Questlove drew from his DJ skills, his filmmaking skills, and his extensive rolodex to open his new three-hour Saturday Night Live documentary with a bang: a six-minute mashup of 50 years of musical performances.
In a new interview with The New York Times, the filmmaker/musician describes the evolution of the history-spanning supercut that opens Ladies & Gentlemen… 50 Years of SNL Music, the upcoming documentary he co-directs with former SNL film unit director Oz Rodriguez.

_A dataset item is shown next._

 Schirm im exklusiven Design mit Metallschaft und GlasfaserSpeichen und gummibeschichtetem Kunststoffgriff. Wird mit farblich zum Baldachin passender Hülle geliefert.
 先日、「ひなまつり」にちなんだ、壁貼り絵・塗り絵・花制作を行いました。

“In the beginning, I was just going in five-year intervals,” he said, explaining that he tried to pull the “three strongest moments” from each half-decade. “But I’m so programmed as a D.J. it’s physically impossible for me to gather a group of songs together and not start — that’s my version of improvisation.”
However, composing the mix was only half of the battle. The Roots co-founder revealed that the film’s producers discouraged the idea, telling him that getting clearance for all the songs would “never happen.” But Questlove (aka Ahmir Thompson) took matters into his own hands, reaching out to people in his network to clear each of the songs.

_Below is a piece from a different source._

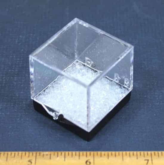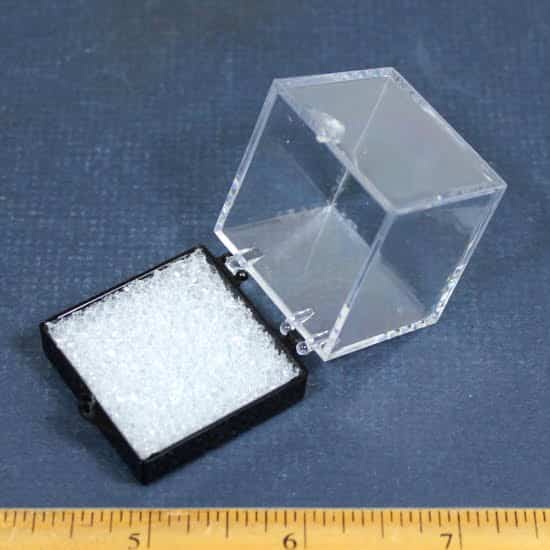 PD12 This is a small plastic box with a black base for displaying small objects and specimens. It measures 1 1/4″ x 1 1/4″ x 1 1/4″ in height and has a removable Styrofoam insert. These are great for displaying micro mount or small minerals.

“This is the first time that I realized my diplomatic position in music. People say, ‘Ahmir, you might be the next Quincy Jones, because your whole thing is more social than creative, knowing the right people, knowing who’s who,'” he recounted. “There were at least 19 situations in which I had to come hat in hand to said person, and mind you, this is for two seconds [of a song].”
In fact, Questlove told the Times that he only wound up receiving one “outright no”—from the estate of Luciano Pavarotti. A sample of the opera singer’s 1998 SNL performance was part of an Bobby McFerrin-Busta Rhymes mashup, but it never came to fruition. “It was too much to explain to his estate, and I couldn’t go to Italy and whatever,” Questlove said.
Regardless, running six minutes long and culled from fifty years of SNL history, the track sounds pretty epic.
“I just wanted to throw the ultimate D.J. gig and hook you in from the gate,” Questlove told the Times. “It started off small, and it couldn’t stop.”
“At first, I said, ‘Just let me get the 20 coolest performances, let’s cut and paste it, and that’s it,'” he added. “But… I want to make history buffs and nerds feel good about this show, and I want future creatives to get a master class on how to take risks and be creative.
Ladies & Gentlemen… 50 Years of SNL Music premieres on NBC January 27th, 2025 at 8pm ET/PT.